The U.S. Federal Reserve has agreed to lower the cost of existing dollar swap lines by 50 basis points from December 5. The Fed will coordinate with the European Central Bank, as well as the central banks of Britain, Canada, Japan, and Switzerland in a move meant to ease strains in markets and boost the central banks’ capacity to support the global financial system. The central banks will also be able to tap additional liquidity in their own currencies through bilateral swap arrangements set up between them “should market conditions so warrant.” The swap arrangements are good through February 1, 2013. The cost for European banks to fund in dollars rose to the highest levels in three years today after finance ministers failed to boost the region’s bailout fund as much as planned, igniting concerns about a possible breakup of the euro area.
The US dollar (NYSE:UUP) fell as the euro touched a new two week high. Precious metal (NYSEARCA:DBP) investments such as the SPDR Gold Trust (NYSEARCA:GLD) gained nearly 2%, while the iShares Silver Trust (NYSEARCA:SLV) jumped nearly 3% in afternoon trading.

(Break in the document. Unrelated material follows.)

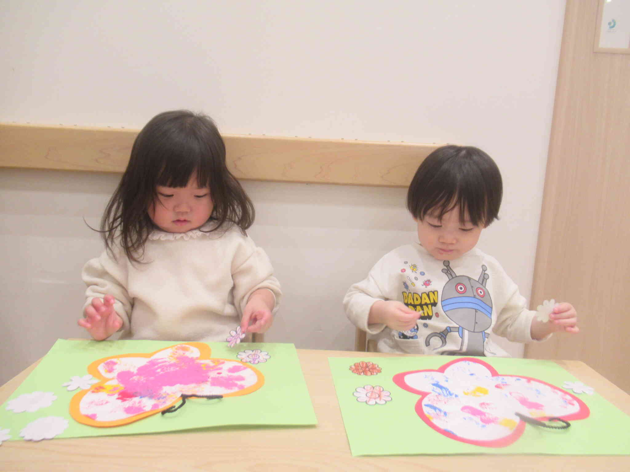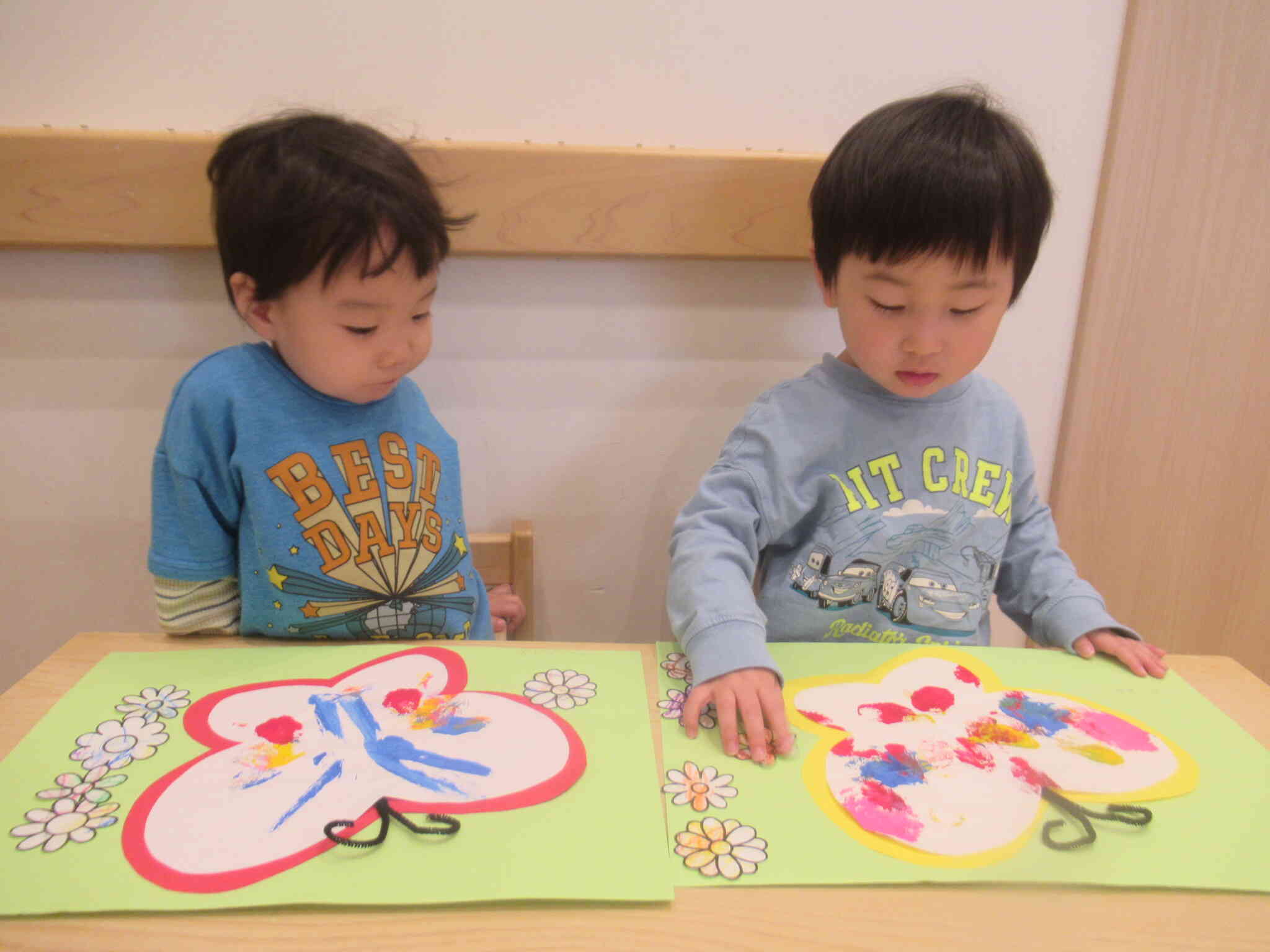 こあら組さんはデカルコマニーでちょうちょを作りました。

Gold miners (NYSEARCA:GDX) Yamana Gold, Inc. (NYSE:AUY) increased 6%, while AngloGold Ashanti (NYSE:AU) gained 7%. Silver miners (NYSEARCA:SIL) such as Hecla Mining (NYSE:HL) and Endeavour Silver (NYSE:EXK) surged more than 7% before the closing bell.
While the reduction in dollar cost borrowing was another bullish sign for precious metals, there is another announcement this morning that deserves attention. Even though China’s (NYSE:FXI) inflation hit a three-year high in July, China appears ready to forget the past. On Wednesday, China cut its bank-reserve requirements for the first time in nearly three years. The WSJ reports, “The People’s Bank of China, China’s central bank, said Wednesday it will cut the reserve-requirement ratio for banks by half of a percentage point, the first such cut since December 2008. The cut essentially frees up banks to lend additional money.” The move is being seen as a policy shift from monetary tightening to monetary easing. The move is estimated to free up around 390 million yuan ($61 billion) in funds for the banks to lend.